Я встал, а он сел за стол и взглянул на меня:

– Триста пятьдесят крон.

Сначала я потерял дар речи. Неопределенный звук, который я издал затем, объяснил ему все. Его кресло вертелось вокруг своей оси, и он повернулся так, что был виден только его профиль.

– Ничего не поделаешь… – пробурчал Бореф, всматриваясь вдаль. – Я просто не могу не взять с вас деньги.

Крутанул кресло обратно, вероятно уловив, что я не понимаю его.

– Вот…

Он выдвинул ящик и вынул оттуда большой разграфленный лист с цифрами. Вот какие налоги приходится платить врачам, занимающимся частной практикой. Чрезвычайно высокие. Я попросил его минутку подождать и направился было к двери; решил взять деньги у Альмы – взаймы, а уж потом найти какой-нибудь выход. Больная нога подрагивала…

– Подождите…

Интонация Борефа не изменилась, это была интонация человека, говорящего о налогах.

– Знаю, что вы не располагали большой суммой и, возможно, истратили ее. Возьму с вас только сто крон. Меньше никак нельзя.

Я кивнул и вышел в коридор. Видимо, я выглядел совсем плохо: все трое бросились ко мне. «Что случилось?» «Что он сказал тебе?»

Альма ворвалась в кабинет, другие – за ней. Бореф в удивлении встал, но не успел остановить их. Альма забросала его вопросами, глаза наполнились слезами. Я шепотом сказал Пиа о ста кронах, и она дала мне их: «Вернешь Альме, это ее, из денег на фрукты.» Дипломат тоже вмешался в разговор. Я наблюдал за сценой со стороны молча и даже равнодушно, будто бы это меня не касалось. Чувствовал стыд и усталость.

Чуть позже, перед тем, как закрыть за мной дверь, Бореф сказал:

– И перестаньте заниматься природолечебными глупостями…

91.

– Ты сможешь нормально ходить, танцевать, водить машину… – сказала Альма – в голосе ее не чувствовалось уверенности. – По крайней мере, лет десять…

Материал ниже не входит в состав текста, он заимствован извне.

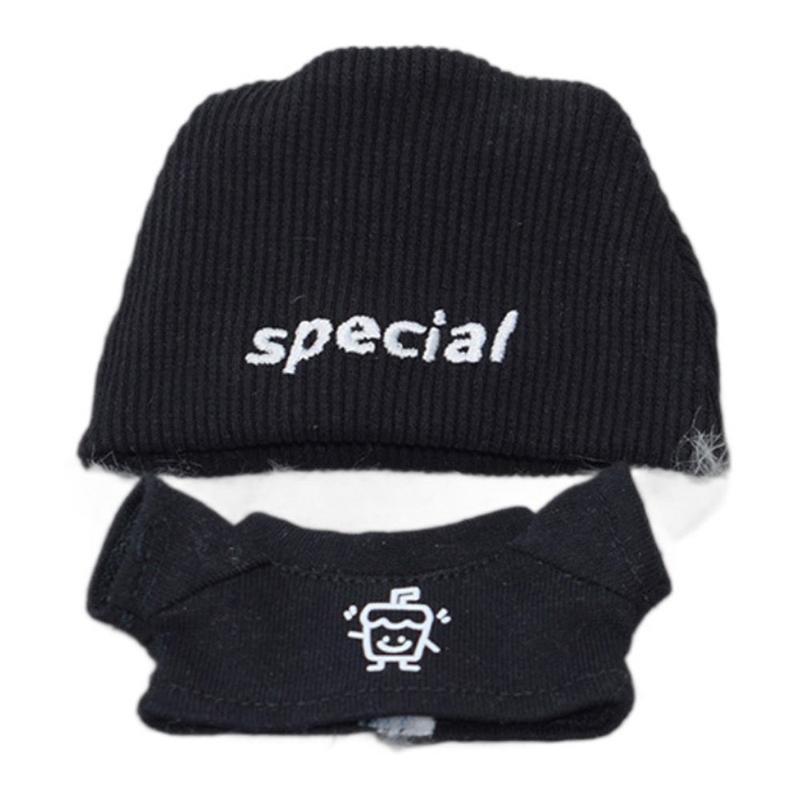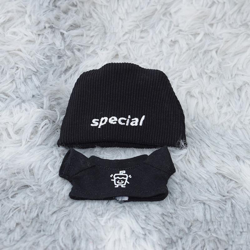 Street Style kleding voor Labubu pop 17cm - gebreide muts & grafisch T-shirt kostuum

Им объяснили, что надежная гарантия дается только на этот срок. Хирург был весьма нелюбезен, – продолжал переводить ее слова дипломат. – Но ему не следует верить на все сто процентов, – добавил дипломат от себя – он привык пугать больных с основанием и без оснований; так легче превращать их в жертвы.

Мы спустились вниз по дорожке. Мать Борефа исчезла. Альма, очень печальная, несмотря на бодрую речь, часто протягивала руку, чтобы меня погладить. Я снова любил ее. Спросила меня (уже в машине), снилось ли мне что-нибудь ночью. У меня действительно возникло воспоминание о мелькнувшей во сне картине, сохранившейся в памяти в момент пробуждения и теперь преподнесенной мне ею с благодарной услужливостью. Воодушевляющая картина, – сказал я Альме, – мой полет». Я летел между континентами – огромными зданиями с надписями: Европа, Азия, Америка… Я летел без каких-либо приспособлений и был безмерно счастлив. Блаженное представление о будущей встрече с хирургом переплеталось с этим сном.

– В таком случае, – сказала Альма, выслушав меня, – тебя должна радовать любая новая трудность. Нечто возникает, чтобы превратиться во что-то иное, изменить свое естество.

– Может, действительно евреи… – наивно начала Пиа. – Нет!

Восклицание, обрубившее фразу, было общим – моим и Альмы. Впервые со дня моего приезда в «Брандал» я рассказал что-то о себе, хотя меня не спрашивали: о Сарре, Милике и Давичоне – друзьях моих родителей и об их садах под Софией, где я рвал черешню; свое чувство к евреям я даже назвал бы «родственной близостью» – в конечном итоге, разве не одно и то же – мои физические муки, не имеющие ни конца, ни края, и их ужасная судьба вечно гонимых страдальцев? Одно и то же нескончаемое страдание. Но из любого положения есть выход, потому что, слышишь. Альма, в твоем доме я не был больным человеком, я забыл про мучения.

92.

Теперь я действительно мог уехать и не было необходимости откладывать субботний полет еще раз. К сожалению, срок моего пребывания тут определялся ничем иным, кроме как чисто практическими попытками вылечить меня. (Исчерпанные лечебные возможности провели границу и во времени.) Потребовалось столь далеко уехать от собственного дома (а там механическая зависимость между целью и временем проявлялась десятки раз), чтобы ясно понять, какую невыразимую боль причинили мне искусственные разлуки, какое абсурдное, на первый взгляд, возмущение, вызвали они. Уезжаешь отдыхать в горы дней на десять. Встречаешь кого-то, с кем тебе хотелось бы подружиться надолго, но срок, не тобой определенный и внушенный твоему порабощенному разуму, истекает, и вы разъезжаетесь в разные стороны. Тем временем работаешь с людьми, которые вызывают скуку и раздражение, даже дружишь с ними, приглашаешь их в гости. Разум тактично пасует. Но он не имеет ничего общего со временем! Он не ощущает его – время, которое тебе нужно, когда хочешь остаться, или тебе не нужно, потому что торопишься уехать. Единственно чувства, твои мудрые чувства способны отмерить точно. Когда-то, очень давно, жили страшные люди, которые знали все это. И они устроили жизнь других так, чтобы она целиком проходила под диктовку дирижированного разума. Гигантский пульверизатор разбрызгал над планетой как не имеющий срока давности наркоз внушения, что жизнь, руководимая чувствами, суть хаос.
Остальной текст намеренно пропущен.